< Titus 1 >

1 Paulus, dienaar van God en apostel van Jesus Christus, -terwille van het geloof van Gods uitverkorenen en de kennis der waarheid, die in vroomheid wortelt,
Павел, раб Божий, Апостол же Иисуса Христа, по вере избранных Божиих и познанию истины, относящейся к благочестию,
2 terwille ook van de hoop op het eeuwige leven, dat de waarachtige God vóór eeuwige tijden heeft beloofd, (aiōnios g166)
в надежде вечной жизни, которую обещал неизменный в слове Бог прежде вековых времен, (aiōnios g166)
3 en te zijner tijd als zijn woord heeft geopenbaard door de prediking, die mij is toevertrouwd door beschikking van God onzen Zaligmaker:
а в свое время явил Свое слово в проповеди, вверенной мне по повелению Спасителя нашего, Бога, -
4 aan Titus, zijn rechtgeaard kind in gemeenschappelijk geloof: Genade en vrede van God den Vader, en van Christus Jesus onzen Verlosser.
Титу, истинному сыну по общей вере: благодать, милость и мир от Бога Отца и Господа Иисуса Христа, Спасителя нашего.

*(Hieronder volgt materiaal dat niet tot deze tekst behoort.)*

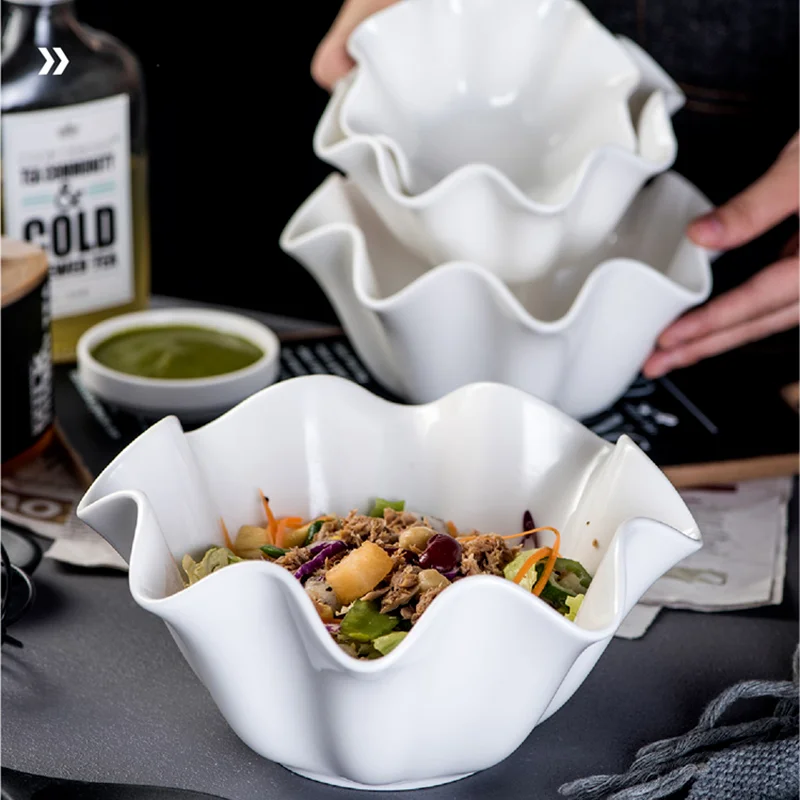 Crafted from high-quality ceramic, its smooth white finish complements a wide range of interiors and occasions, from casual gatherings to formal dinners. Ideal for serving salads, fruits, snacks, or even as a decorative piece, these bowls bring both functionality and aesthetic appeal to your home.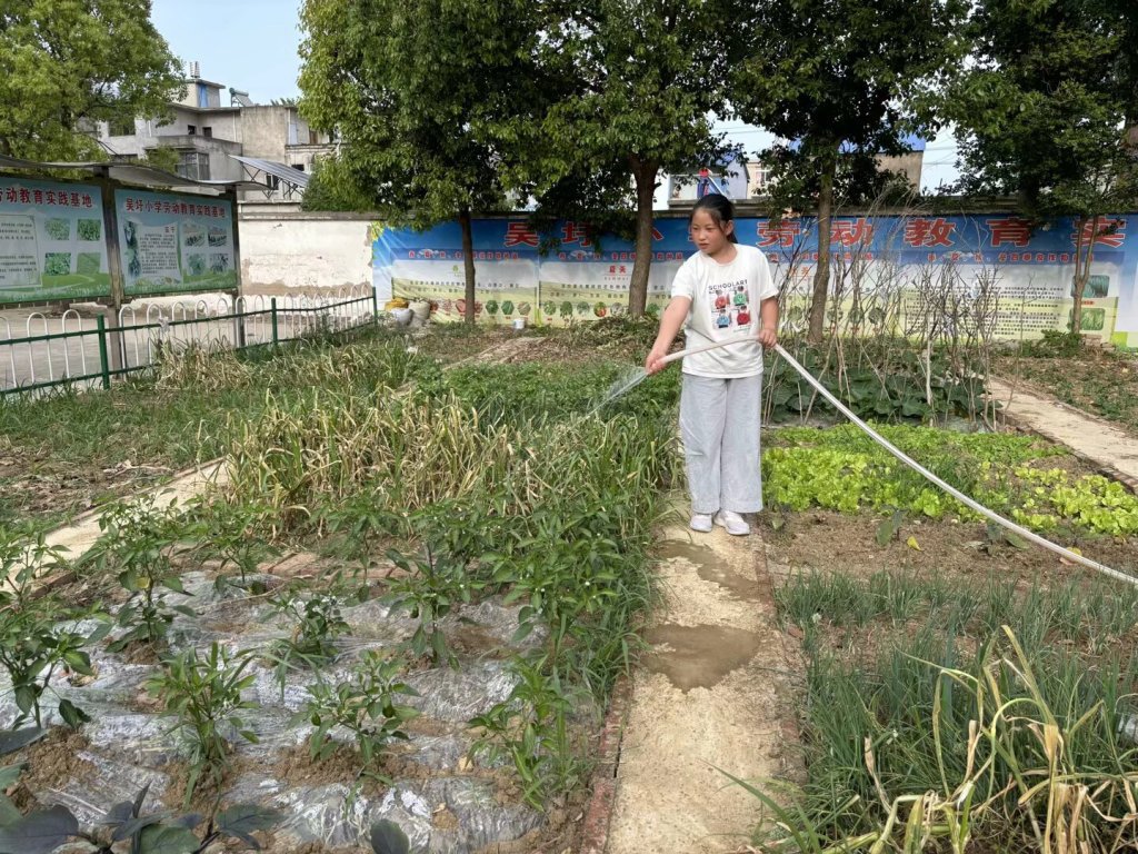 ~ 学校劳动教育实践基地里,同学们在老师指导下参与种植、浇水等劳动。亲手种下蔬菜花卉,了解植物生长过程,体会劳动的苦与乐。

5 Ik heb u op Kreta achtergelaten, opdat ge zoudt voltooien wat nog onafgedaan bleef, en in iedere stad priesters zoudt benoemen, naar de eisen welke ik u heb vastgesteld:
Для того я оставил тебя в Крите, чтобы ты довершил недоконченное и поставил по всем городам пресвитеров, как я тебе приказывал:
6 namelijk slechts iemand, die onberispelijk is, die slechts éénmaal is gehuwd en gelovige kinderen heeft, welke niet van losbandigheid en weerspannigheid worden beschuldigd.
если кто непорочен, муж одной жены, детей имеет верных, не укоряемых в распутстве или непокорности.
7 Want een bisschop moet onberispelijk zijn als huishouder Gods; niet verwaand, niet driftig, geen drinker, geen vechter, niet uit op winstbejag;
Ибо епископ должен быть непорочен, как Божий домостроитель, не дерзок, не гневлив, не пьяница, не бийца, не корыстолюбец,
8 maar gastvrij, deugdzaam, bezonnen, rechtvaardig, vroom en matig;
но страннолюбив, любящий добро, целомудрен, справедлив, благочестив, воздержан,
9 hij moet zich houden aan de prediking, die strookt met de ware leer, opdat hij met gezonde onderrichting vermanen kan en de tegensprekers weerleggen.
держащийся истинного слова, согласного с учением, чтобы он был силен и наставлять в здравом учении и противящихся обличать.
10 Want er zijn veel weerspannigen, holle praters en verleiders, heel in het bijzonder onder de besnedenen.
Ибо есть много и непокорных, пустословов и обманщиков, особенно из обрезанных,
11 Ge moet hun de mond stoppen; anders zetten ze ganse gezinnen overhoop, door onbehoorlijke dingen te leren uit winstbejag.
каковым должно заграждать уста: они развращают целые домы, уча, чему не должно, из постыдной корысти.
12 Een hunner, hun eigen profeet, zegt: "Kretenzen zijn altijd leugenaars, boos vee, vadsige buiken,"
Из них же самих один стихотворец сказал: “Критяне всегда лжецы, злые звери, утробы ленивые”.
13 en deze getuigenis is waar; daarom moet ge ze streng aanpakken, opdat ze gezond worden in het geloof,
Свидетельство это справедливо. По сей причине обличай их строго, дабы они были здравы в вере,
14 en zich niet afgeven met joodse fabels en inzettingen van mensen, die de waarheid de rug toekeren.
не внимая Иудейским басням и постановлениям людей, отвращающихся от истины.
15 Alles is rein voor de reinen; maar voor den onreine en ongelovige is niets rein, doch bij hem is bevlekt èn verstand èn geweten.
Для чистых все чисто; а для оскверненных и неверных нет ничего чистого, но осквернены и ум их и совесть.
16 Ze geven voor, God te kennen, maar ze verloochenen Hem door hun gedrag; want ze zijn verfoeilijk, weerspannig en voor geen enkel goed werk geschikt.
Они говорят, что знают Бога, а делами отрекаются, будучи гнусны и непокорны и не способны ни к какому доброму делу.